RAG over research papers that treats a knowledge graph as a first-class retrieval path, not metadata. It answers both semantic questions ("what does the results section claim?") and relational ones ("what does this build on?", "which papers benchmark on dataset X?") by routing between Qdrant vector search and a Neo4j graph with a LangGraph multi-agent pipeline — grounded, cited, evaluated, and traced.
flowchart LR
subgraph Ingestion[Ingestion · offline]
PDF[PDF] --> DOC[Docling]
DOC --> CH[Chunker]
CH --> EMB[Local bge] --> QD[(Qdrant)]
CH --> EX[LLM extractor] --> NEO[(Neo4j)]

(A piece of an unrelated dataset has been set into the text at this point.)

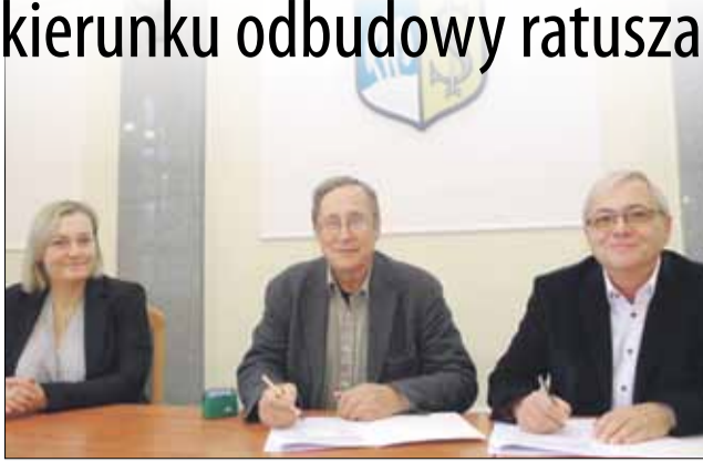
Podpisanie umowy na wykonanie dokumentacji projektowej to ważny krok w kierunku odbudowy strzelińskiego ratusza

Ma sprostować nieprawdę i zapłacić 2 tys. zł

DOC --> CITE[OpenAlex citations] --> NEO
end
subgraph Query[Query · online]
Q[Query] --> R{Router}
R -->|local| RET[Retriever]
R -->|graph| GA[Graph agent]
R -->|hybrid| RET & GA
RET --> QD
GA --> NEO
RET & GA --> SYN[Synthesis] --> CR{Critic} --> A[Answer + citations]
CR -->|fail| R
end
cp .env.example .env # add ANTHROPIC_API_KEY
make install
make up # Qdrant + Neo4j
make migrate
make testmake up && make migrate
make ingest path=papers/attention.pdf # Docling -> chunks -> bge -> Qdrant
make ask q="What BLEU does the Transformer (big) reach on WMT14 EN-DE?"
# -> grounded answer with [chunk_id] citations (page-located)- Phase 0 — Foundations & skeleton
- Phase 1 — Ingestion + vector slice
- Phase 2 — Knowledge graph
- Phase 3 — Multi-agent orchestration
- Phase 4 — Hardening + eval-in-CI
- Phase 5 — UI wiring
See docs/specs/ (start with 00-overview.md)
and decision records in docs/adr/.
Python 3.12 · uv · Qdrant · Neo4j · LangGraph · FastAPI · Docling · OpenAlex · bge (local) · Claude via LiteLLM · RAGAS · Langfuse.